Can A Will Be Contested?
Yes, a will can be contested if there are valid legal grounds to challenge its validity.
What are the different Types of Trusts?
There are several types of trusts used in estate planning, each serving a different purpose depending on your goals.
What are Examples of Inheritance Trust disputes?
Breach of Trust: Mismanagement of assets by the trustee.
Trustee Removal: Conflicts leading to the removal of a trustee.
Interpretation: Disagreements over the trust’s legal wording.
Undue Influence: Pressure on the creator to change trust terms.
Financial Claims: Beneficiaries claiming they haven’t received their fair share.
What’s the difference between contesting a will and contentious probate?
Contesting a Will:
This specifically refers to challenging the validity of the will itself.

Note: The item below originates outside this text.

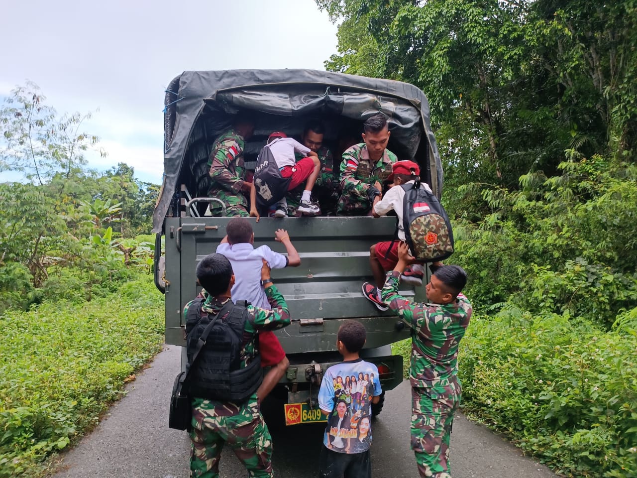 “Melihat kondisi tersebut, Satgas Yonif 126/KC, Pos Yuruf tergerak untuk mencari solusi mengatasi kesulitan anak-anak sekolah di sini. Kami manfaatkan kendaraan dinas kami untuk mengantar dan menjemput anak-anak sekolah disaat tidak kami gunakan untuk operasional Satgas,” ucap Dansatgas.

Common grounds include claims that the deceased lacked mental capacity, the will was forged, or they were under “undue influence” when signing it.
Contentious Probate:
This is a broader term that covers any dispute arising after someone’s death during the administration of the estate.

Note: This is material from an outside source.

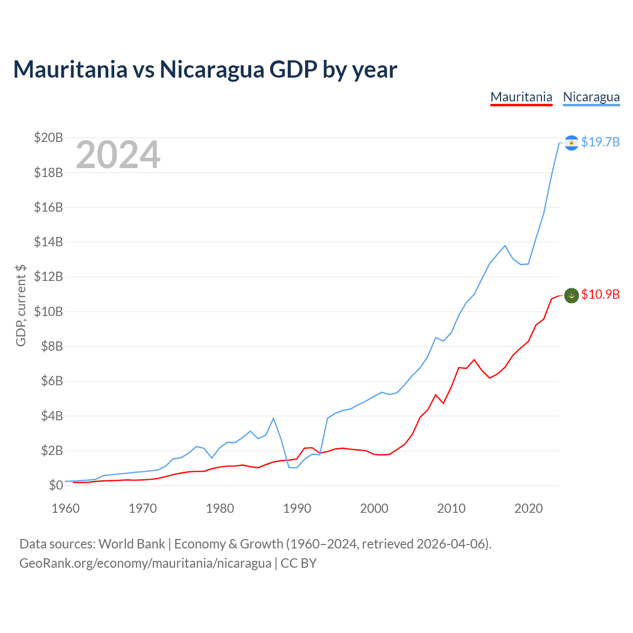 Mauritania has a GDP of $10.9B compared to $19.7B for Nicaragua, ranking 153/197 and 131/197 by economy size, respectively.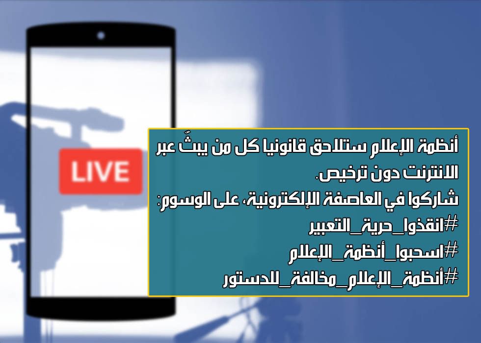 واستخدم المغرّدون وسوم: #انقذوا_حريه_التعبير و #اسحبوا_انظمه_الاعلام و #انظمه_الاعلام_مخالفه_للدستور ، حيث اكتسحت هذه الوسوم منصّات التواصل الاجتماعي وتصدّرت قائمة الأكثر تداولا.

Do I have to go to court to contest the probate?
No, you do not always have to go to court. Most probate disputes are resolved through:
Mediation: A professional mediator helps both sides reach an agreement without a judge.
Negotiation: Solicitors from both sides negotiate a fair settlement privately.
Settlement Agreements: A legal contract is signed to end the dispute outside of court.
Court as a Last Resort: Litigation is only used if all other attempts to settle fail.